Now it’s time to check our estimators on the most complicated case: we should guess the median value of \(\textrm{Pareto}(x_m = 1, \alpha = 1)\) based only on three elements!

```
estimator bias mse p25 p50 p75 p90 p95 p99
hf7 1.5123 62.215 0.32717 0.63312 1.06588 3.1005 5.3714 15.368
hd 8.9820 53457.769 0.37791 0.82852 2.94861 8.5900 17.2297 82.489
whd 1.1791 13.033 0.32245 0.61093 0.89666 2.2888 3.9940 11.355
thd 1.0959 10.468 0.32505 0.60616 0.87402 2.0557 3.6763 10.116
```

Expectedly, `hd`

has the worst error values because of its zero breakdown point.
Meanwhile, `whd`

and `thd`

have better error values than `hf7`

(which is our baseline).
They are better not only based on the “classic” `bias`

and `mse`

metrics but only based on all the percentile values.

Let’s see what happens for higher \(n\) values.

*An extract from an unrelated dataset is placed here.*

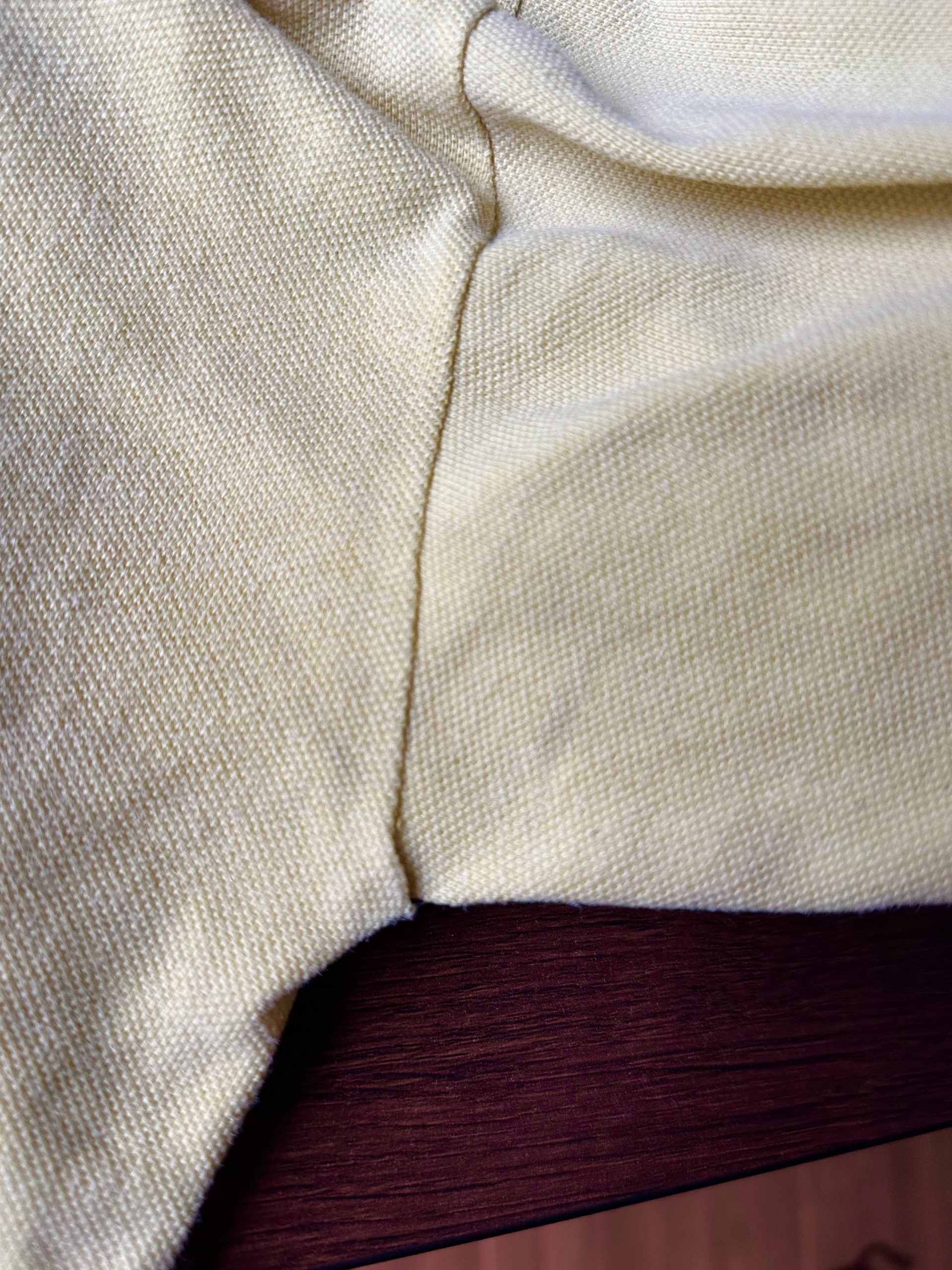 見頃と脇下に若干の汚れあり。脇にわずかに補正箇所あり。

#### Pareto distribution (n = 4)

```
estimator bias mse p25 p50 p75 p90 p95 p99
hf7 1.3685 17.729 0.28709 0.58347 1.2009 3.0084 4.9603 12.553
hd 8.9832 341193.607 0.35421 0.82811 2.6347 6.9242 13.0648 55.666
whd 1.3481 75.375 0.28768 0.57450 1.1052 2.8478 4.7321 12.135
thd 1.2203 159.813 0.27968 0.55621 0.9480 2.5127 4.1917 10.584
```

#### Pareto distribution (n = 5)

```
estimator bias mse p25 p50 p75 p90 p95 p99
hf7 0.93476 3.6081e+00 0.26418 0.52748 0.85761 2.0465 3.2767 7.5615
hd 6.89114 9.5374e+05 0.32004 0.74949 2.20399 5.3076 9.3283 34.6076
whd 0.75266 1.9533e+00 0.26330 0.51288 0.77389 1.4601 2.3995 5.3516
thd 0.67432 1.3032e+00 0.26495 0.50669 0.75081 1.1632 1.9720 4.4307
```

#### Pareto distribution (n = 6)

```
estimator bias mse p25 p50 p75 p90 p95 p99
hf7 0.86396 3.1662 0.24138 0.49037 0.84813 1.9343 3.0090 6.4052
hd 2.45124 1146.6008 0.29475 0.67508 1.83344 4.1168 6.7717 21.5434
whd 0.80034 2.5351 0.23669 0.47788 0.78792 1.7473 2.7498 5.8945
thd 0.70381 1.6713 0.23367 0.46480 0.73381 1.4345 2.2906 4.9982
```

#### Pareto distribution (n = 7)

```
estimator bias mse p25 p50 p75 p90 p95 p99
hf7 0.72789 1.7341e+00 0.22666 0.46096 0.75719 1.58315 2.4422 5.0349
hd 3.81677 4.7061e+05 0.25941 0.58495 1.49718 3.19833 4.9741 12.9881
whd 0.59597 9.2458e-01 0.22620 0.44712 0.68831 1.09442 1.7404 3.6767
thd 0.54333 6.5777e-01 0.23242 0.44939 0.67056 0.88692 1.3906 2.9339
```

### Conclusion

In this post, we performed a numerical simulation that compared the statistical efficiency
of the median estimation on small samples from right-skewed heavy-tailed distributions.
We compared four quantile estimators:
the traditional one (also known as the Hyndman-Fan Type 7),
the Harrell-Davis quantile estimator,
and its winsorized/trimming modifications that use a custom trimming strategy optimized for the given case.
Based on the simulation results, we can conclude that the **trimmed modification is the clear winner**.